当時は八鬼衆の中で軍事部門担当、兵器開発や拠点建造を担っていた四角い男は陛下の宸襟を騒がせ奉ることもなく粛々とバルリテロリの軍備を整えており、その過程でも「……うちの国。機能していないな」と何度も悩んだテレホマン。
そこで新設されたのが電脳ラボ。
当時のバルリテロリは昭和の終わり頃の技術と文化だったため、通信は同期を使うか黒電話。
スキル使いは育っていたため、構築スキルに秀でた者を集めれば軍事拠点の建造は捗ったが、なにせ連絡がつかない。
ポケベルが普及するのはそれから3年後の事である。
現場で問題が発生しても軍事機密なので同期は使えず、担当している者がテレホマンに連絡するため近くのお店の軒先にある公衆電話へと走る。

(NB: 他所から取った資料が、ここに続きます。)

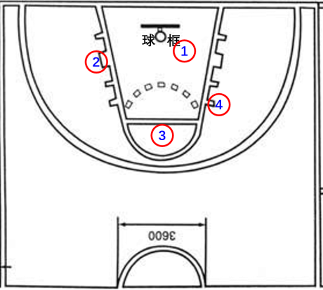 组内队员各自站好位置(见下图)后开始计时。按站位顺序依次投篮1次,统计1分钟内投篮进球个数。比赛过程中自行捡球。

お店の人に百円玉を両替してもらってから、ようやく通信が始まる。
急ぎの用事でなければそれでも良いが、例えば現場で事故が起きたなどの緊急性の高い連絡でもこのやり方が蔓延していたので、ごく稀によく手遅れになる事が散見されて多発した。
百円玉を十円玉に両替するなという命令が出てから少しだけ通信速度は上がったが、今度は通信頻度が減る。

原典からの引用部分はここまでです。